Beginning with the second century, the leadership of the Christian church passed to the early Church Fathers.
They were men of Greek and Roman training and culture.
Through them not only Greek philosophical ideals but also Greek methods of thought found an increasingly prominent place in Christianity.
True to their inheritance and training, these great leaders regarded individual belief as far more important than social living.
The church began to demand of its followers loyalty to a definite creed rather than loyalty to the service of their fellow men.
As a result, the rank and file of the medieval church were wholly unconscious of the social dynamics which the scripture contain.
The Protestant Reformation put the scriptures again into the hands of the people; but unfortunately, it continued to fix their attention chiefly on the theological and largely ignored the social teachings of the Bible.

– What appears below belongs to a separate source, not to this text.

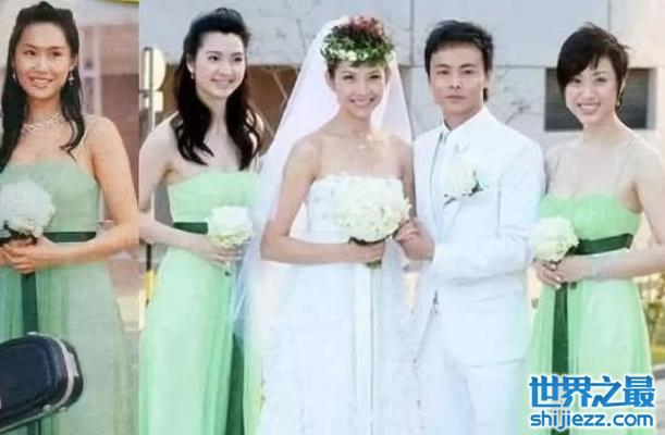 蔡少芬在08年与张晋举办婚礼时,身边陪伴她的也是陈法蓉、洪欣、朱茵这三个姐妹。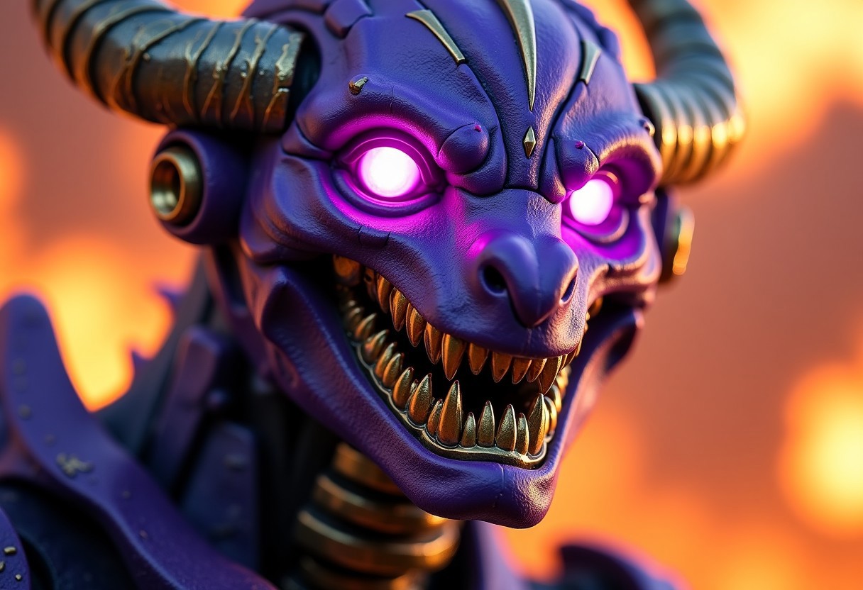 robot with intricately detailed glowing purple eyes, angry, purple-and-gold robot, draconic, background explosions

The main emphasis was still on other-worldliness. Religion and practical ethics were regarded simply as the means whereby the individual might secure a title to future blessedness.
There were a few striking exceptions; but a majority of the Protestant leaders failed to see that the message of historic Christianity is to the living, not to the dead, and that it must express itself in human society as well as in the soul of the individual.
Puritanism, with its splendid emphasis on personal ethics, still largely lacked the social passion. Its leaders, however, were powerfully influenced by the democratic ideals of the prophets and Jesus. Their heroic efforts to found a Christian commonwealth marked the beginnings of a new social consciousness. Until the close of the 19th century, however, a majority of the Protestant churches throughout the world were still under the chilling shadow of the Middle Ages. Even during the last quarter of that century, a prominent Protestant theologian declared:
“Christianity is not a life: it is a dogma!”
Charles Foster Kent, PH.D., Litt.D. from “The Social Teachings of the Prophets and Jesus.”